Lower down are entries containing pictures. Copy exactly, without those pictures, the lines from the line with "TÜİK, 2024 yılının" through the line with "Looking down over".

> Provided data:
---------------

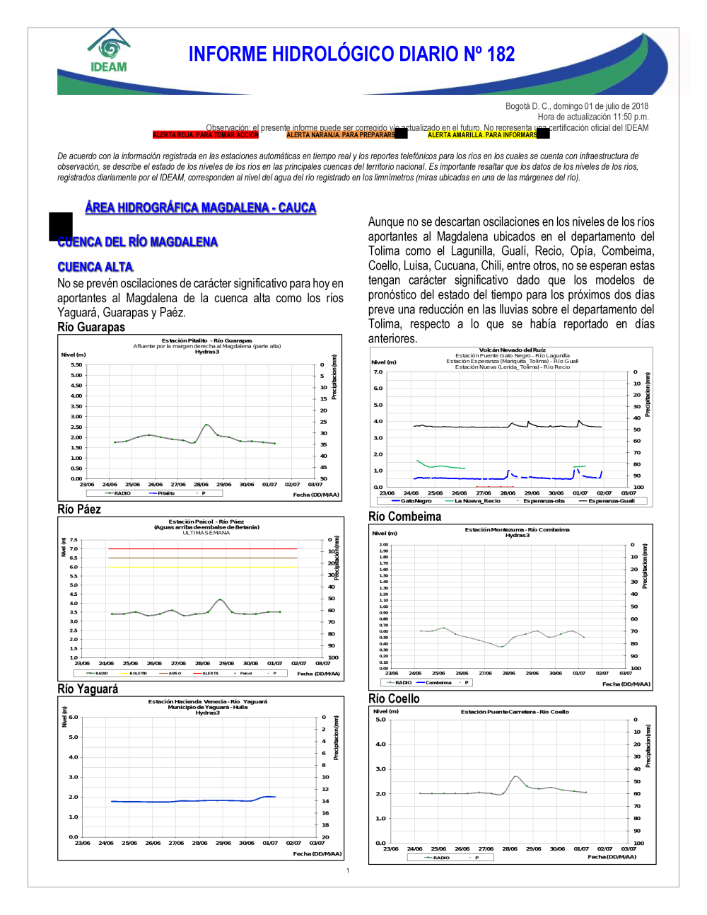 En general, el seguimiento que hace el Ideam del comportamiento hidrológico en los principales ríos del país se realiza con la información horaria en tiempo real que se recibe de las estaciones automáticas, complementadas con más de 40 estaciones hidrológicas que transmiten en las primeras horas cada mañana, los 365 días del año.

---------------

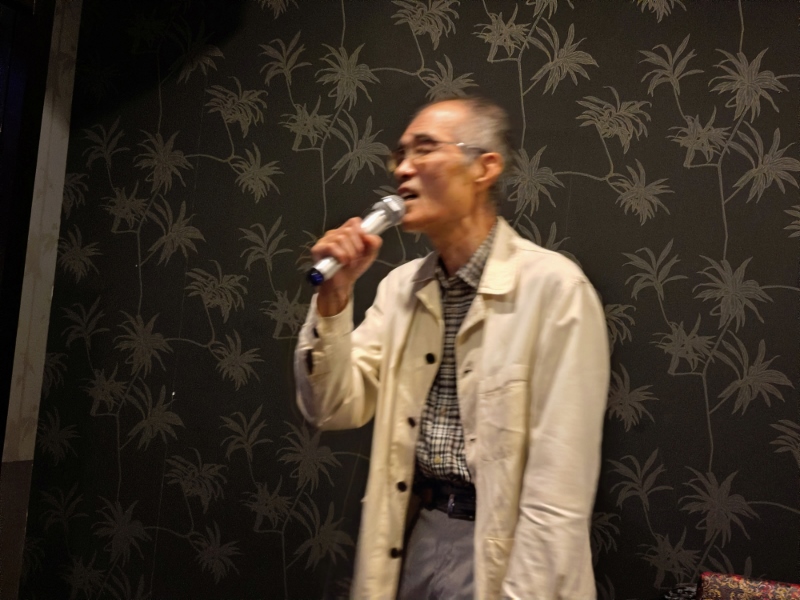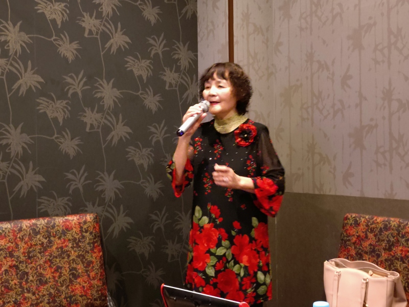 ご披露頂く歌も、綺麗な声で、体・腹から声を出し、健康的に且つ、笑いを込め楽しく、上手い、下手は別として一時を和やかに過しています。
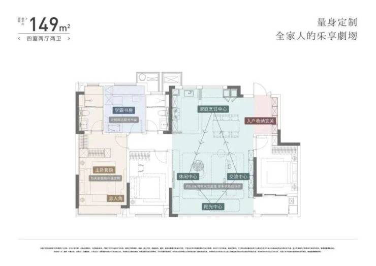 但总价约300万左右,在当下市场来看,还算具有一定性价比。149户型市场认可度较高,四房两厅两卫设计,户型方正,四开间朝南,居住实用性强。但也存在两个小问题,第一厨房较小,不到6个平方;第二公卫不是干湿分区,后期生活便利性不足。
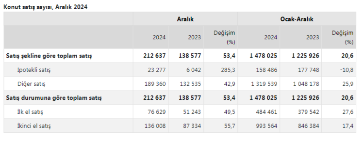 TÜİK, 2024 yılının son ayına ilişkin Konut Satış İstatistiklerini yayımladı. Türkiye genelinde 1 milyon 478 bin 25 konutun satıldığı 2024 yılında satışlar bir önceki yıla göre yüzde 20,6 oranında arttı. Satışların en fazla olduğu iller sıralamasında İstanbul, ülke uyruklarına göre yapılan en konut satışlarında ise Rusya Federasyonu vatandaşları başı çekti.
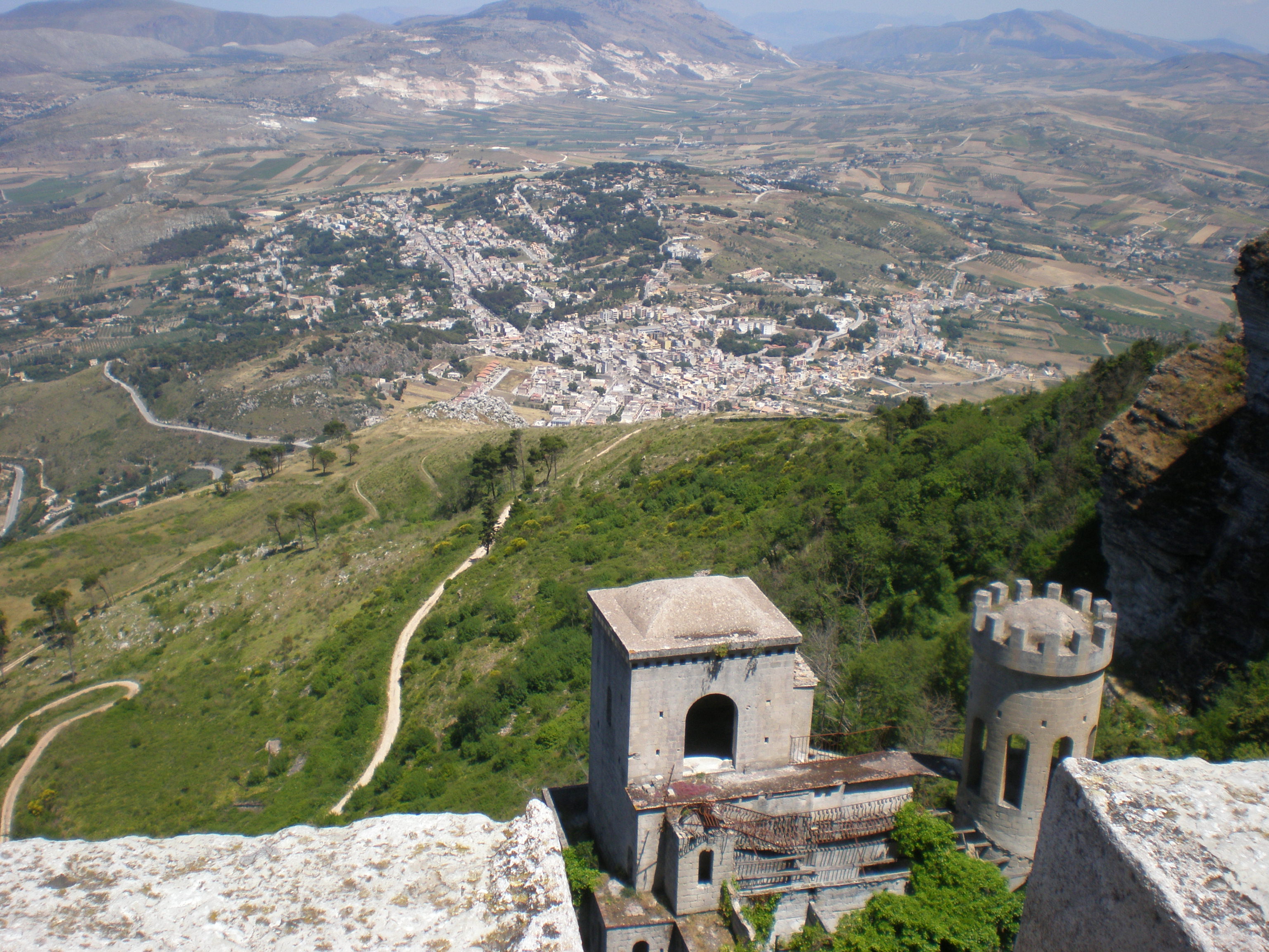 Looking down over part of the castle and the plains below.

---------------

> Result:
 TÜİK, 2024 yılının son ayına ilişkin Konut Satış İstatistiklerini yayımladı. Türkiye genelinde 1 milyon 478 bin 25 konutun satıldığı 2024 yılında satışlar bir önceki yıla göre yüzde 20,6 oranında arttı. Satışların en fazla olduğu iller sıralamasında İstanbul, ülke uyruklarına göre yapılan en konut satışlarında ise Rusya Federasyonu vatandaşları başı çekti.
 Looking down over part of the castle and the plains below.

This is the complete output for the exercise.